Contribution of the multidisciplinary team of the better at home program in reversing a case considered palliative in the Municipality of Acreúna, Goias (GO) State, Brazil
DOI:
https://doi.org/10.33448/rsd-v13i11.47366Keywords:
Multidisciplinary Team; Reversal; Palliative Care.Abstract
This article aims to explore the contribution of the multidisciplinary team from the Melhor em Casa Program in reversing a case considered palliative in Acreúna, GO. It describes a retrospective case study of a patient admitted to the Melhor em Casa Program, in Acreúna - GO, on 08/08/2024, with Traumatic Brain Injury (TBI) and subdural hematoma. The patient also had comorbidities such as epilepsy, systemic arterial hypertension (SAH) and diabetes mellitus (DM). Due to the severity of his clinical condition, he was considered palliative and received nutritional support through Gastrostomy (GTT) and diseases with oxygenation and tracheostomy (TQT).
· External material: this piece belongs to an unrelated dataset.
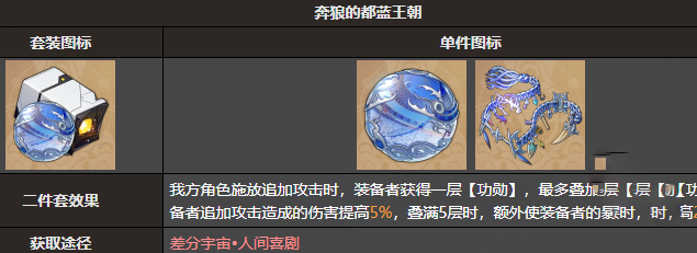 奔狼的都蓝王朝两件套1.两件套给角色带来的是,额外的攻击会给飞笑带来一层功德,这个功德可以叠加五次。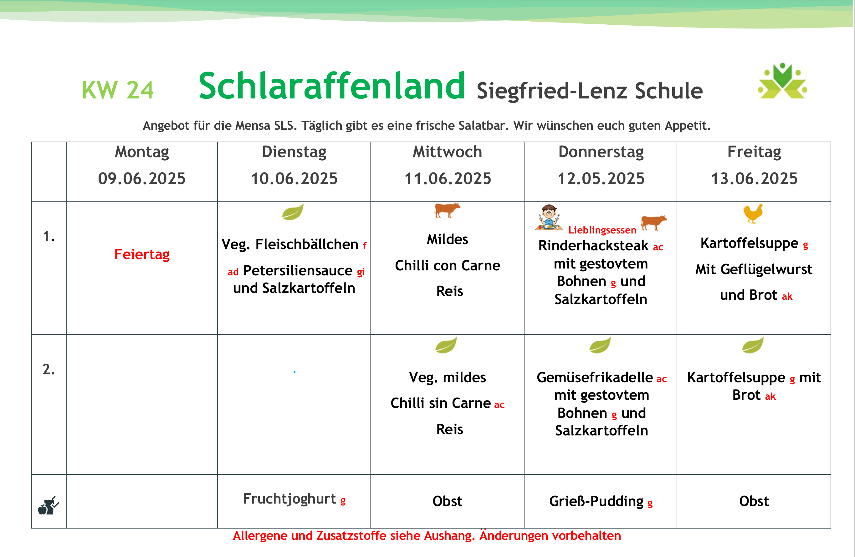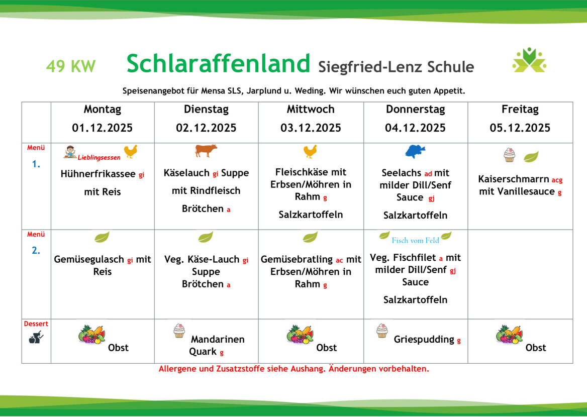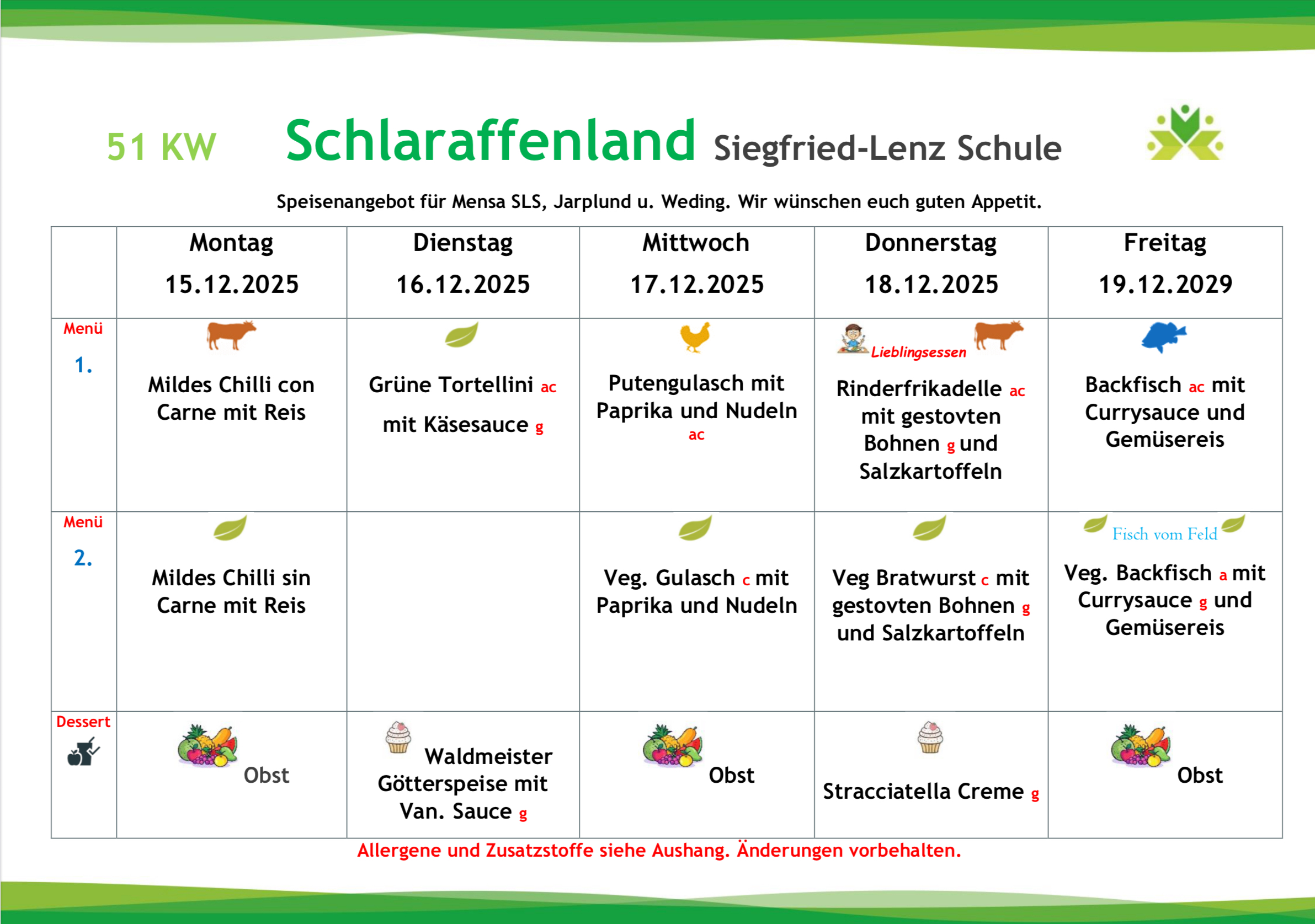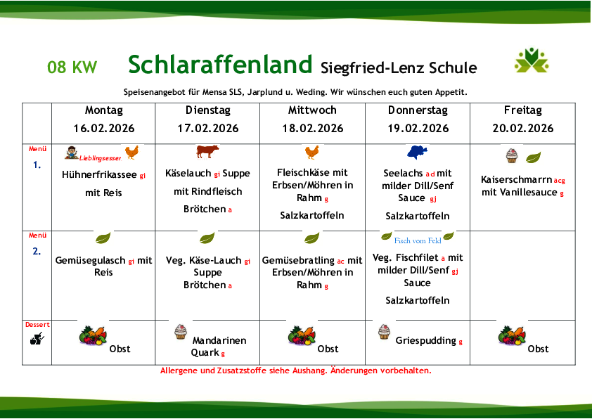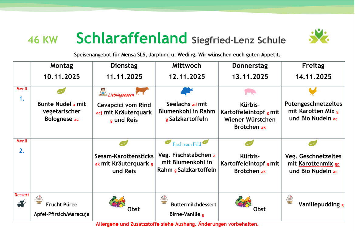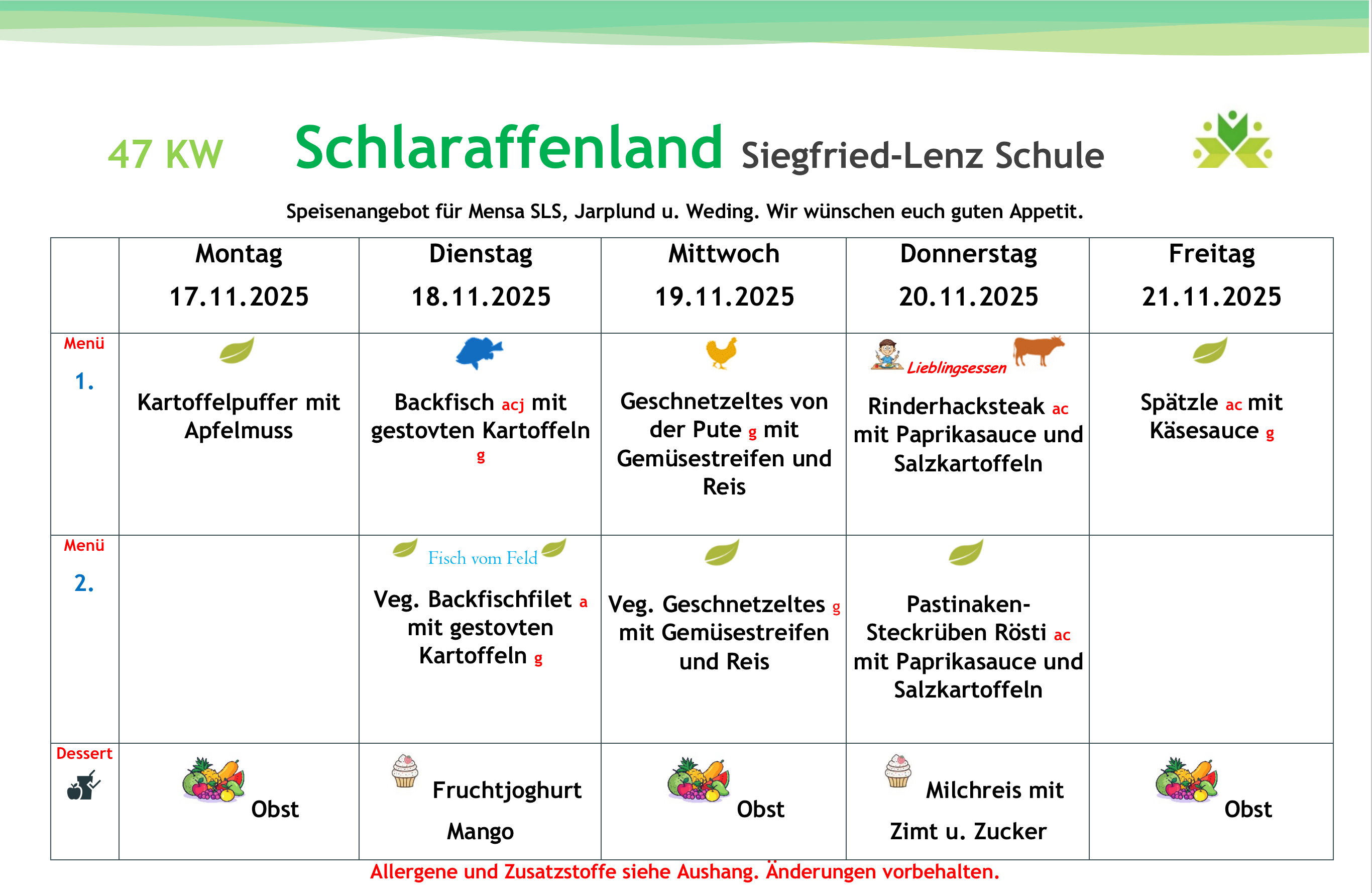 Die Gerichte werden zukünftig variabel auf die Wochentage verteilt, so dass beispielsweise der Fischtag nicht wie aktuell immer donnerstags, sondern auch an einem anderen Tag stattfinden wird. Jede zweite Woche wird an einem Tag ein sogenanntes „Lieblingsessen“ zubereitet (die Essenswünsche der Kinder und Jugendlichen werden berücksichtigt).

The analysis was based on a review of the medical records, highlighting the work of the multidisciplinary team, made up of a doctor, nursing team, physiotherapy and nutritionist, who intervened to improve the patient's general condition. Throughout the treatment, a positive evolution was noted, with a direct impact on the patient's quality of life. The result of these interventions was significant, leading to the removal of the tracheostomy (TQT) and the reintroduction of oral feeding, demonstrating the success of specialized integrated care in the treatment of patients with multiple serious and delicate clinical conditions.